Problem to solve.
Return all the data verbatim but without images.

[Start of section]

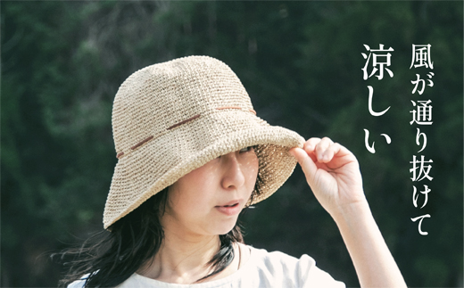 風通しが良いので汗をかいてもムレず快適です。和紙の断熱、UVカット機能が強い日差しを和らげてくれます。編地のすきまから風が抜けるのでとても涼しく、突然の風でも帽子が飛びにくいと好評いただいております。
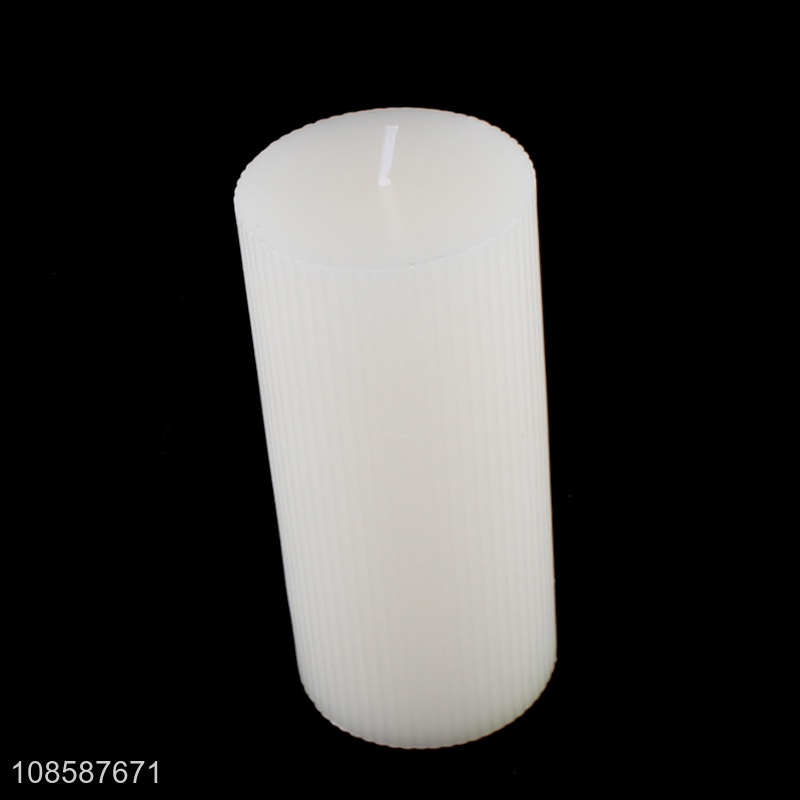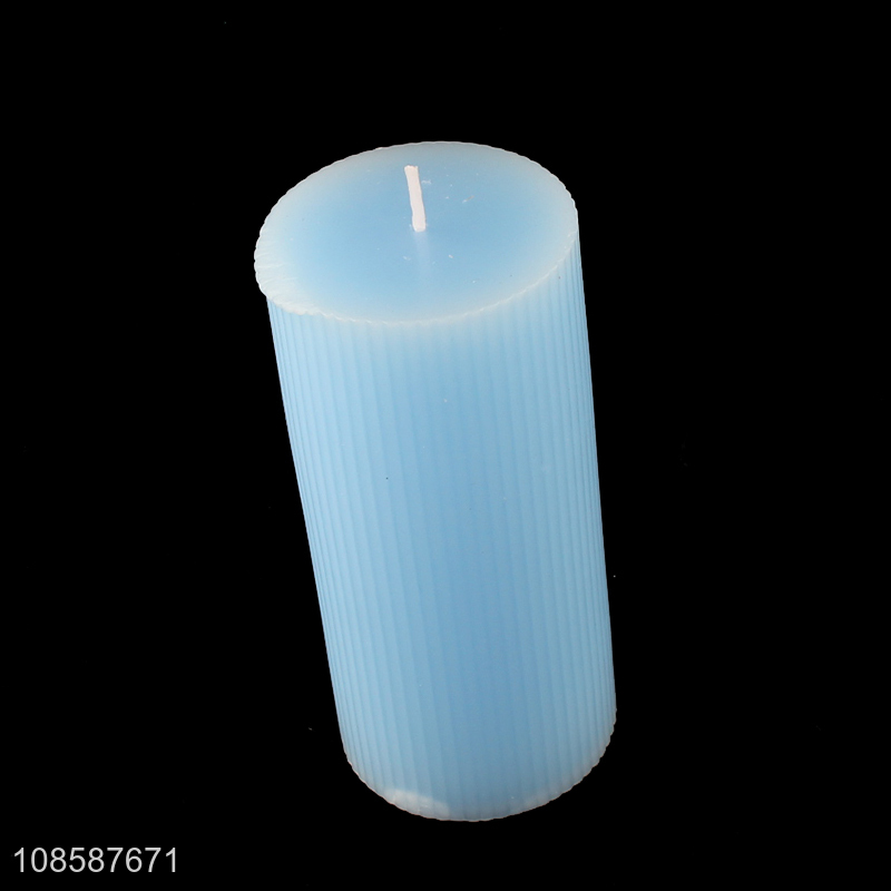 Good quality colored fragrance free smokeless ribbed pillar candle
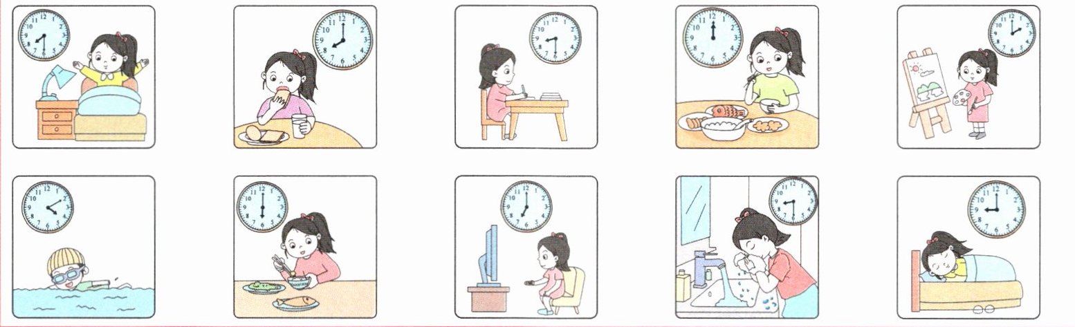 have breakfast,do,homework,draw a picture,four ten,dinner,six o'clock,watch TV,wash my face
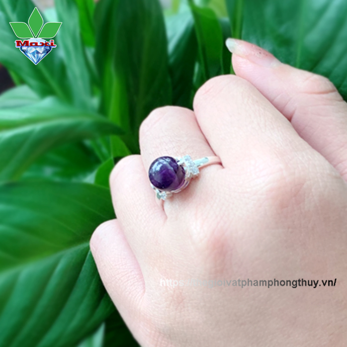 - Nhẫn bạc đính đá thạch anh tím đậm được các thợ thủ công thiết kế tỷ mỷ, thường được phát nữ sử dụng cho dòng nhẫn nữ cao cấp.
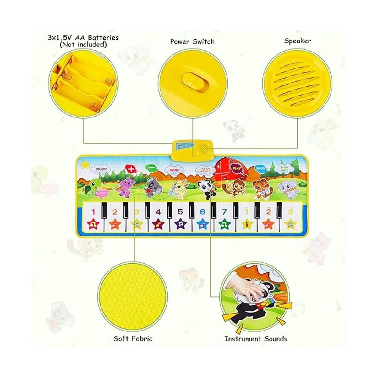 3 pilas AA de 1,5 V. Alimentadas: tapete de piano para niños alimentado por 3 pilas AA de 1,5 V no incluidas, simplemente instala las baterías y luego enciende el interruptor de alimentación para jugar. La alfombrilla de juego táctil se puede jugar con manos o pies, inspira la capacidad deportiva del niño y ejerce la coordinación de la mano y el ojo del bebé.
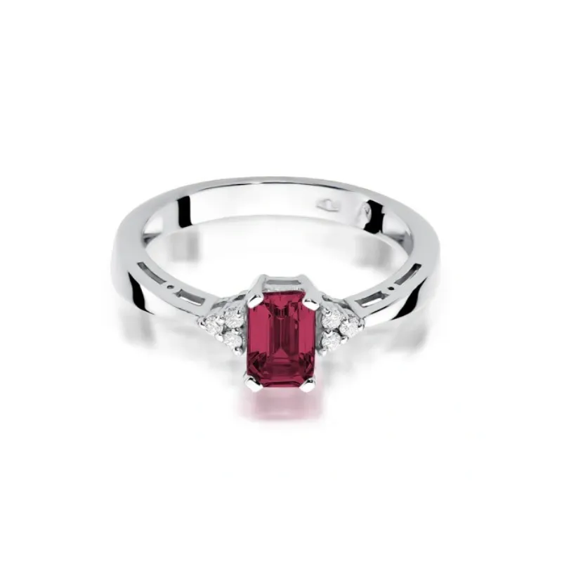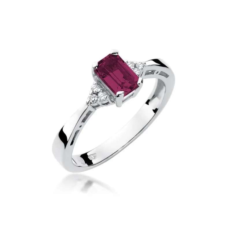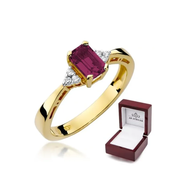 Złoty Pierścionek Zaręczynowy 585 Rubin Diamenty
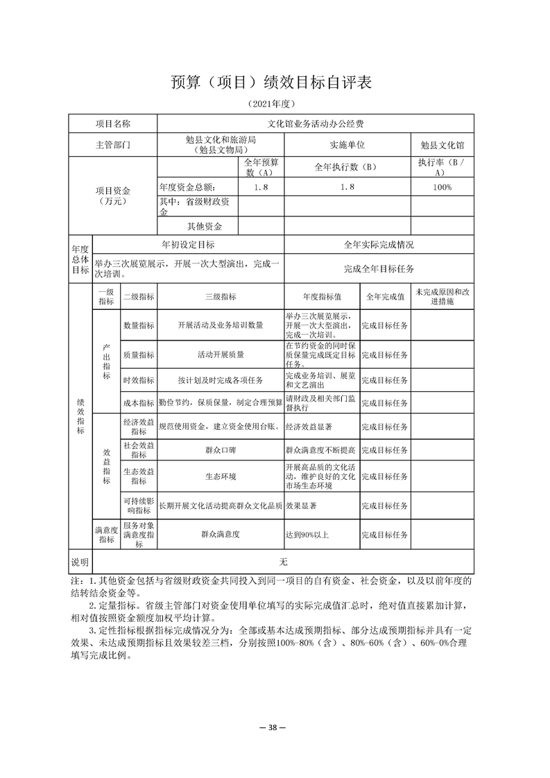 勉县文化和旅游局(勉县文物局)2021年部门决算公开
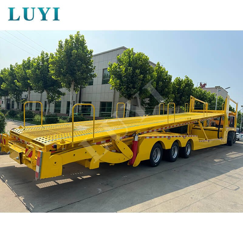 A Shandong Luyi Special Vehicle Manufacturing Co., Ltd. által gyártott LUYI 40 láb 4 tengelyes zárt, emeletes autó vontató félpótkocsi új autók szállítására, használt autók szállítására és egyéb forgatókönyvekre lett tervezve. A 40-60 tonnás teherbírással 4 tengelyes szerkezetével a teljesen zárt karosszéria védi a járműveket a külső sérülésektől. Az emeletes rakodóplatform 6-8 egységre növeli a rakodási kapacitást, míg a dönthető ágy leegyszerűsíti az alacsony alvázú modellek be- és kirakodását. Acélból készült, nagy szilárdságot, kopásállóságot és költséghatékonyságot kínál, ideális a nagyfrekvenciás, nagy teherbírású kereskedelmi szállításokhoz.
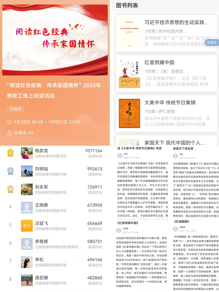 活动依托图书馆数字资源平台,精选《习近平经济思想的生动实践述评》《红旗飘飘》《家国天下:现代中国的个人、国家与世界认同》《决胜勇于争先看辽宁》等涵盖党的创新理论、革命历史、家国情怀、地方发展等内容,具有深刻思想内涵和教育意义的书籍,教职工通过线上平台每日打卡并分享阅读感悟,在知识的海洋中更加笃定前行,从智慧箴言里汲取力量。

[End of section]

Exercise result.
 風通しが良いので汗をかいてもムレず快適です。和紙の断熱、UVカット機能が強い日差しを和らげてくれます。編地のすきまから風が抜けるのでとても涼しく、突然の風でも帽子が飛びにくいと好評いただいております。
 Good quality colored fragrance free smokeless ribbed pillar candle
 have breakfast,do,homework,draw a picture,four ten,dinner,six o'clock,watch TV,wash my face
 - Nhẫn bạc đính đá thạch anh tím đậm được các thợ thủ công thiết kế tỷ mỷ, thường được phát nữ sử dụng cho dòng nhẫn nữ cao cấp.
 3 pilas AA de 1,5 V. Alimentadas: tapete de piano para niños alimentado por 3 pilas AA de 1,5 V no incluidas, simplemente instala las baterías y luego enciende el interruptor de alimentación para jugar. La alfombrilla de juego táctil se puede jugar con manos o pies, inspira la capacidad deportiva del niño y ejerce la coordinación de la mano y el ojo del bebé.
 Złoty Pierścionek Zaręczynowy 585 Rubin Diamenty
 勉县文化和旅游局(勉县文物局)2021年部门决算公开
 A Shandong Luyi Special Vehicle Manufacturing Co., Ltd. által gyártott LUYI 40 láb 4 tengelyes zárt, emeletes autó vontató félpótkocsi új autók szállítására, használt autók szállítására és egyéb forgatókönyvekre lett tervezve. A 40-60 tonnás teherbírással 4 tengelyes szerkezetével a teljesen zárt karosszéria védi a járműveket a külső sérülésektől. Az emeletes rakodóplatform 6-8 egységre növeli a rakodási kapacitást, míg a dönthető ágy leegyszerűsíti az alacsony alvázú modellek be- és kirakodását. Acélból készült, nagy szilárdságot, kopásállóságot és költséghatékonyságot kínál, ideális a nagyfrekvenciás, nagy teherbírású kereskedelmi szállításokhoz.
 活动依托图书馆数字资源平台,精选《习近平经济思想的生动实践述评》《红旗飘飘》《家国天下:现代中国的个人、国家与世界认同》《决胜勇于争先看辽宁》等涵盖党的创新理论、革命历史、家国情怀、地方发展等内容,具有深刻思想内涵和教育意义的书籍,教职工通过线上平台每日打卡并分享阅读感悟,在知识的海洋中更加笃定前行,从智慧箴言里汲取力量。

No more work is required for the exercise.